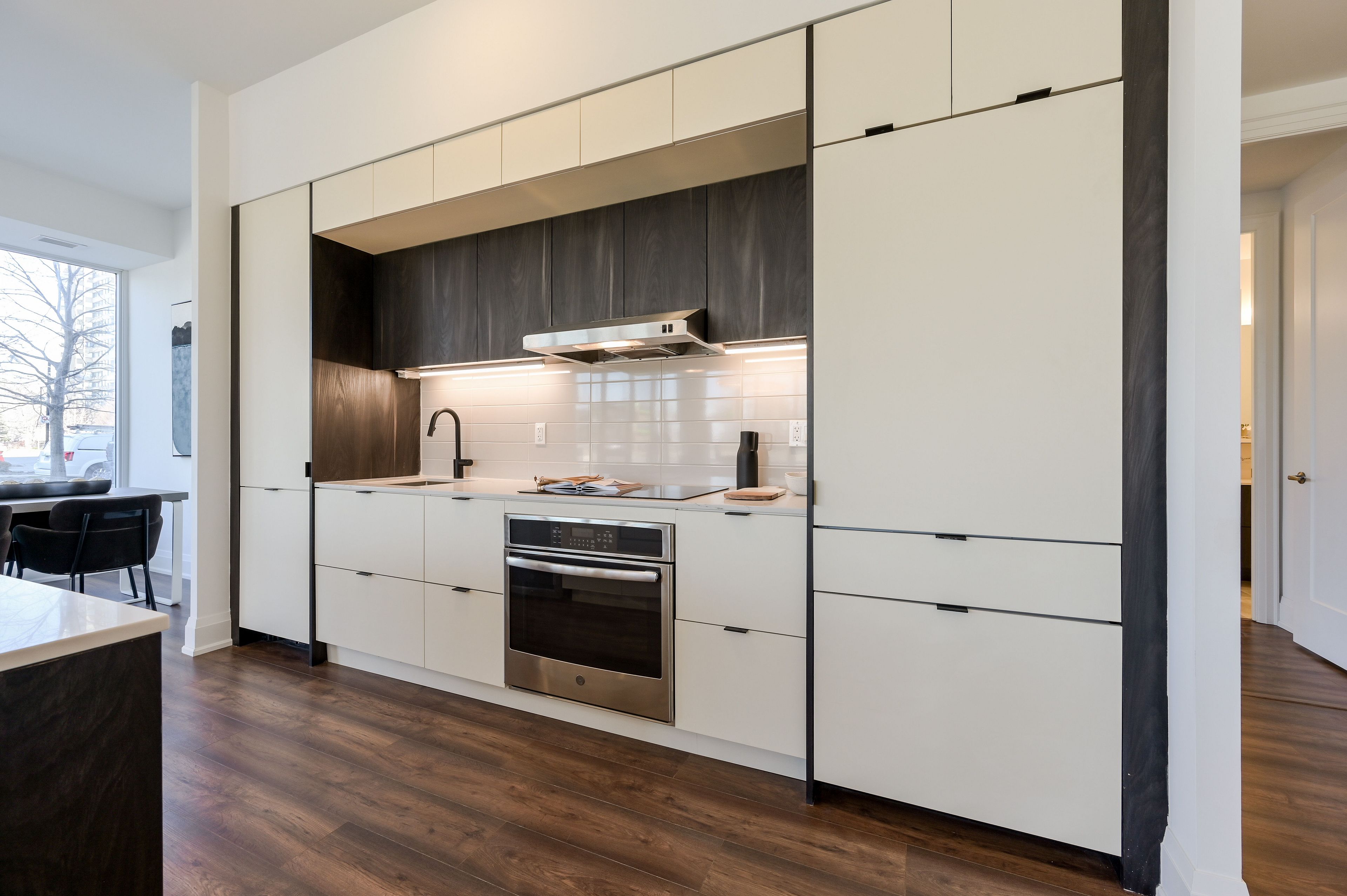 • Contemporary kitchen features stainless steel appliances and sleek quartz countertops.
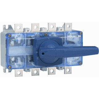 Lastscheider Dumeco type DMV 400N/1, schakelvermogen 400 A, 3- polig + N (vast), met as en draaigreep type C met schakelstandindicatie I/O, hoogte van de schakelaar: 170 mm (van onderzijde schakelaar tot bovenzijde bedieningsas/draaigreep), inclusief aansluittoebehoren
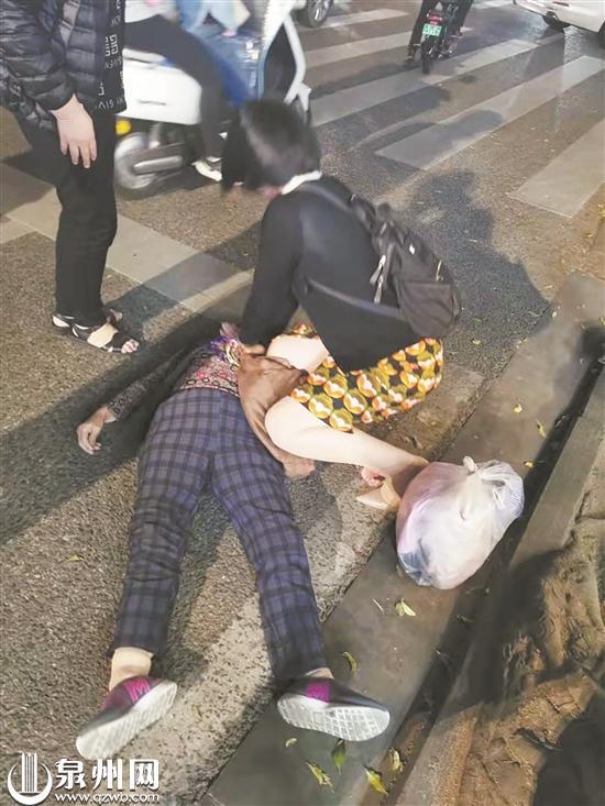 家住市区打锡街的杨巧蓉是南安人,今年38岁,她是两个孩子的母亲,在晋江的泉州东尚服饰有限公司上班。当天17时许,同事冯石灵开车载着杨巧蓉到泉州市区状元街一带办事,她们将车停到承天寺后门附近的停车位时,发现对面的道路上围着几个人。两人快步走上前看到,一位上年纪的阿婆昏迷了,同行的两三个阿婆试图去搀扶。

__Work to complete__. All that is required is an exact reproduction of the lines from the one containing "Lastscheider Dumeco type" to the final line of the listing above, pictures omitted.

__Answer to this problem__.
 Lastscheider Dumeco type DMV 400N/1, schakelvermogen 400 A, 3- polig + N (vast), met as en draaigreep type C met schakelstandindicatie I/O, hoogte van de schakelaar: 170 mm (van onderzijde schakelaar tot bovenzijde bedieningsas/draaigreep), inclusief aansluittoebehoren
 家住市区打锡街的杨巧蓉是南安人,今年38岁,她是两个孩子的母亲,在晋江的泉州东尚服饰有限公司上班。当天17时许,同事冯石灵开车载着杨巧蓉到泉州市区状元街一带办事,她们将车停到承天寺后门附近的停车位时,发现对面的道路上围着几个人。两人快步走上前看到,一位上年纪的阿婆昏迷了,同行的两三个阿婆试图去搀扶。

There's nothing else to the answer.